# Honey bottle sizes



## Guest (Sep 9, 2004)

This is my first year of beekeeping, and I will be harvesting this weekend and bottling a couple gallons every night after school.

I am planning on getting the Betterbee Plastic container variety bulk pack along with the bulk pack of 170 8 oz. Flat panel bears.

Now my way of thinking is this:

This is my first year so I want to be able to sell to many customers, and thusly my reasoning for choosing small containers. I am getting the variety pack to satisfy those who would like to buy in larger amounts. Also the variety pack serves as a poll of sorts to determine which size is most popular. 

Next year I will be increasing my amount of hives threefold and may bee able to offer more than one size bottle in quantity, such as a 12 or 16 oz. bottle. Or depending on how well the bears or 'Queenline' style bottles sell, I may choose a whole new style altogether.

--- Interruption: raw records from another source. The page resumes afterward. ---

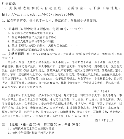 安徽师范大学考研辅导班:2018年安徽师范大学考研861中国音乐史真题
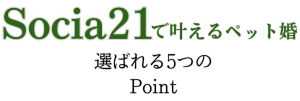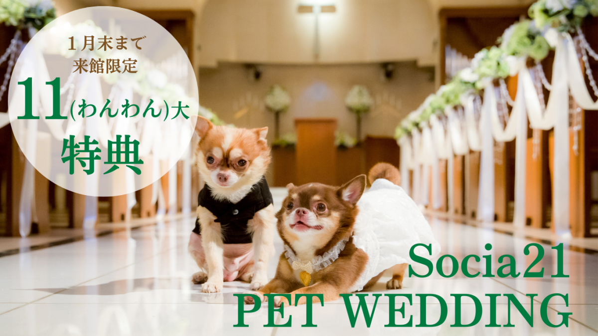 リングドッグ・肉球結婚証明書・わんちゃんファーストバイトなどペットと一緒に憧れの演出が叶えられるのはSocia21ならでは!当日の過ごし方やペット同伴での不安点なども専属プランナーと相談しながら決めていこう!
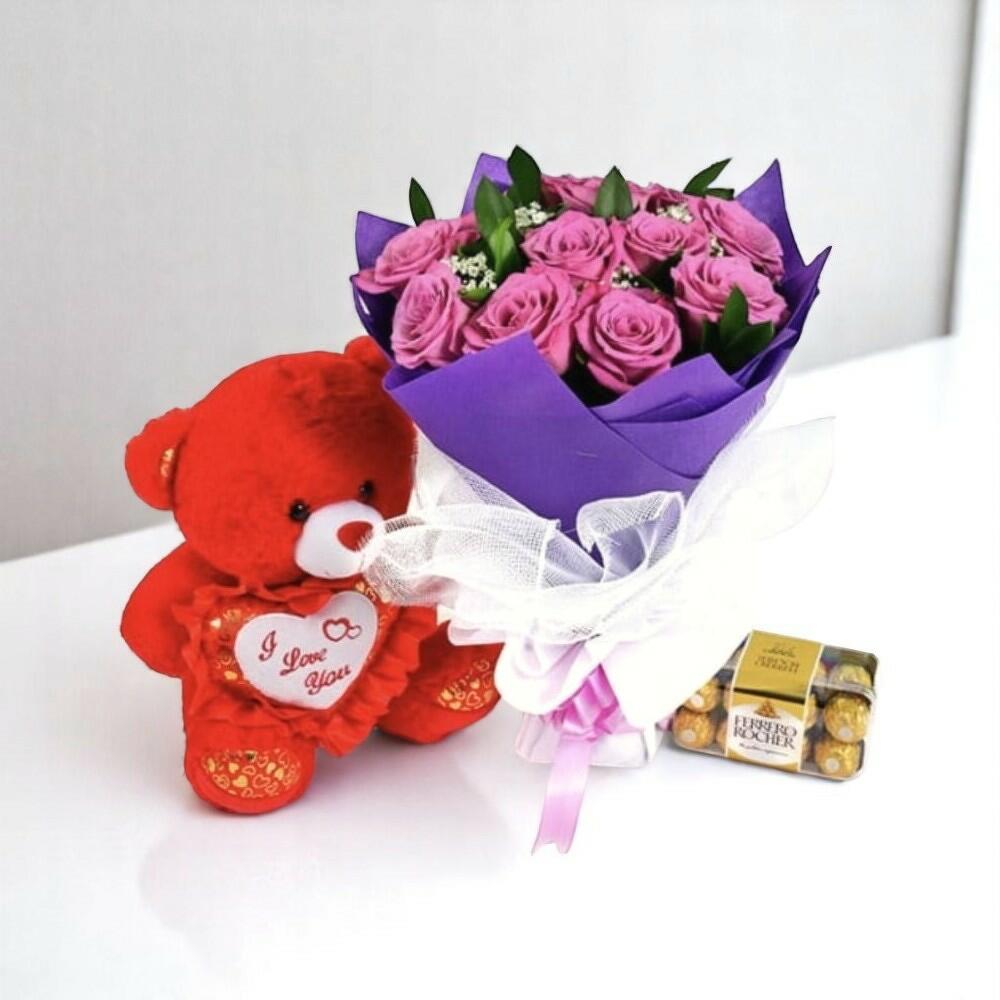 ¡Derrite el corazón de tu ser querido con este encantador y romántico set! Este set de regalo incluye un impresionante ramo de vibrantes rosas rosadas envueltas en elegantes tonos morado y blanco, acompañado de un tierno osito de peluche rojo con un corazón "Te amo", y un dulce detalle: una caja de bombones Ferrero Rocher. Es el detalle perfecto para San Valentín, aniversarios o declaraciones de amor espontáneas. Recorta los tallos de las rosas en diagonal antes de sumergirlas en agua fresca. Cambia el agua cada 1 o 2 días y mantén las flores alejadas del calor, la luz solar directa y las frutas en maduración. Guarda los bombones en un lugar fresco y seco.
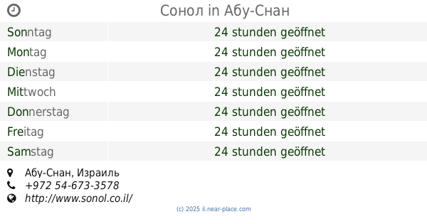 | Sonntag | 24 stunden geöffnet | |||||
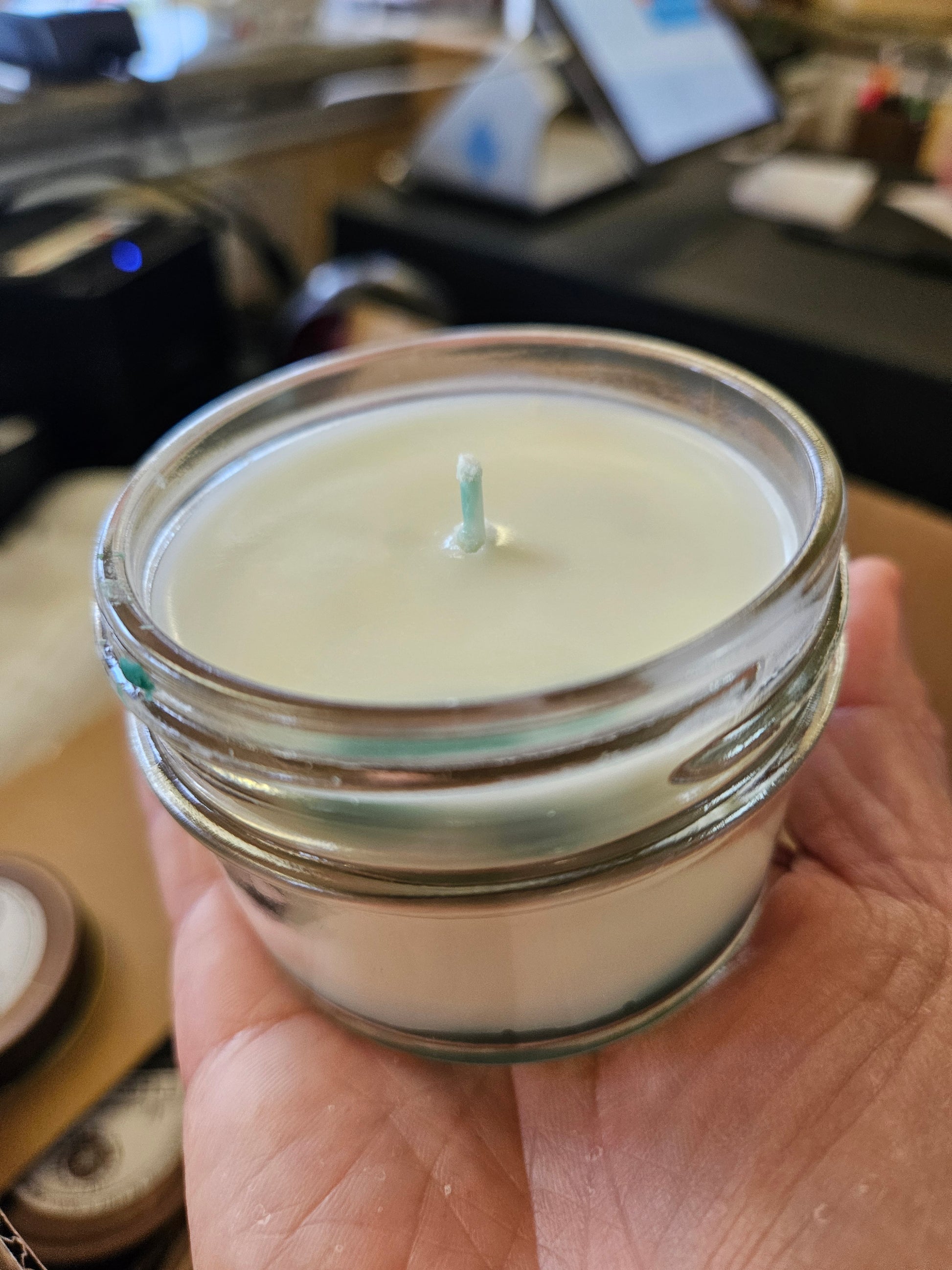 Hand poured into an 4oz reusable jelly jar, the candle is made with pure biodegradable soy wax candle with cotton wick.
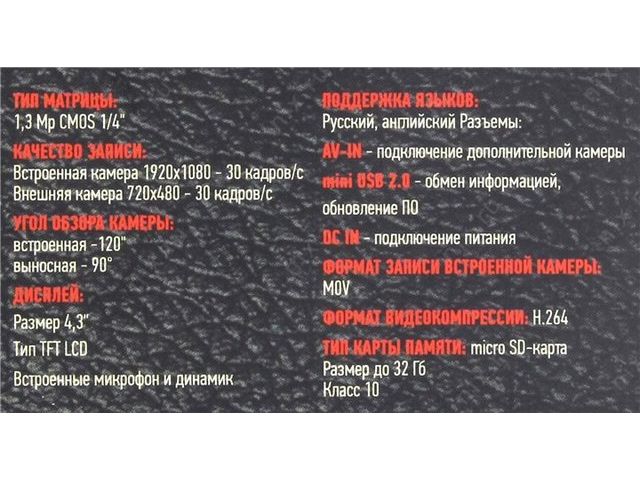 | Прочее | Запись даты/времени на видеоФункция заднего хода - при подключении контактов дополнительного кабеля к фонарям заднего хода, изображение на экране основного устройства при включении задней передачи будет автоматически переключаться на изображение с дополнительной камеры. |
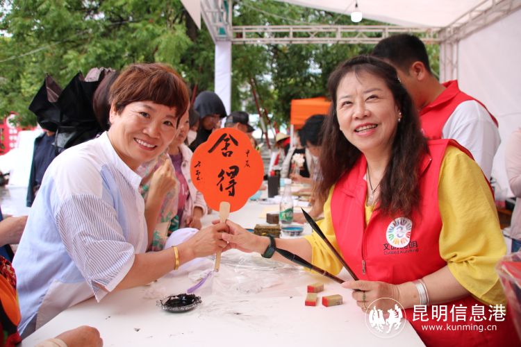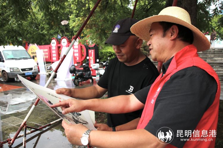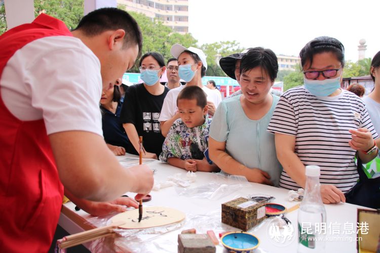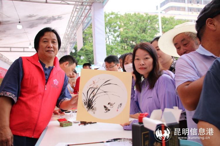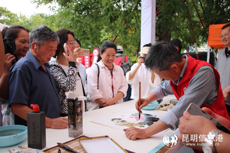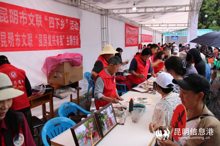 昆明信息港訊 記者甘凌菲 7月30日,昆明市2024年文化科技衛(wèi)生法律“四下鄉(xiāng)”活動在石林縣鹿阜街道雙龍廣場舉行,昆明市文聯(lián)積極響應(yīng)參與,組織了10余名書法家、美術(shù)家、攝影家共同前往,用寫扇面、送字畫、免費拍攝合影等惠民舉措,打通文藝服務(wù)基層群眾的“最后一公里”,把精彩的文藝作品送到了群眾家門口。
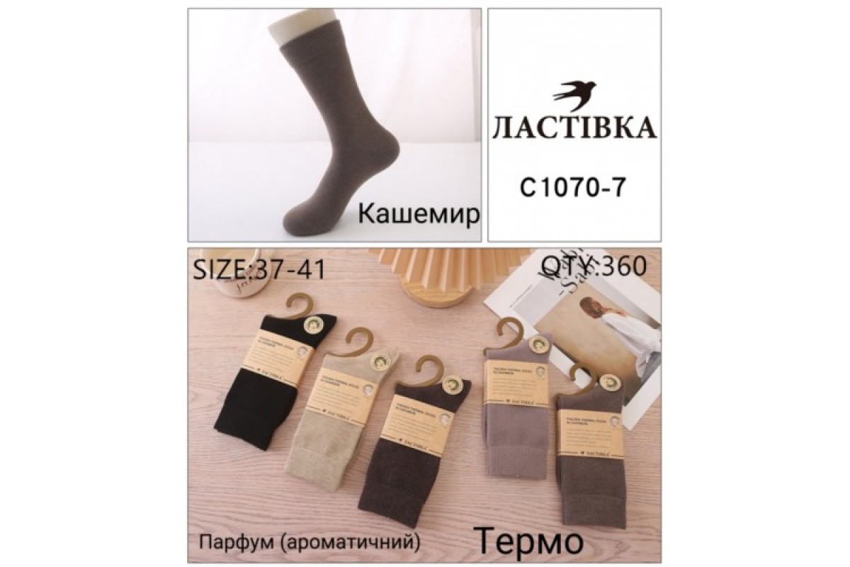 Шкарпетки, жін, високий, Термо, кашемір, Ластівка, 10707, асорті, 3741, 10, шт, уп
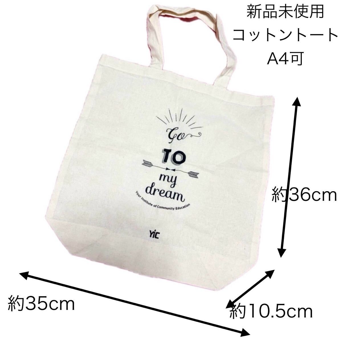 - 新品未使用 コットントートバッグ A4可 マチ付きエコバッグ オフホワイト ミニショッピングバッグ 生成 英字ロゴ 綿

What do you think of my reasoning? 

Also most of my sales will be through my friends at school ( I'm in 9th grade now) and teachers from last year and this year. I'm hoping to gather a large amount of different customers through word of mouth, and as before stated, is my reason for offering small bottle bottle size. Just as something to remember me by for next year.


----------



## Michael Bush (Aug 2, 2002)

I think the more variety of products and sizes you have the more you will sell. I like the plain and the fancy, the large and the small. The Muth jars are nice for fancy.


----------



## Dee (Apr 22, 2004)

i really like three main sizes: 12oz panel bear, 2lb jar and the 5lb jar. i have tried the 12oz plastic jar (the one with the bee on the side) and the 12oz bears sold better - i think it was because of the convenience of a squeeze bottle compared to a screw on lid.
this yr however i have expanded to see which ones sell, i have a few 8oz and 1lb jars that were given to me (i'm sure i wouldnt have boughten them myself), i decided to also try the 2 1/2lb plastic jar, also if the bees do a good job i will sell by the 1 gallon as well as 2 gallon buckets.
hope this helped you.
Deanna


----------



## BeeMiner (Aug 8, 2003)

We started out using BetterBee's bulk packaged assortment. It was a good mix of sizes and types of containers. The free shipping of the bulk package was nice, also.

Mark


----------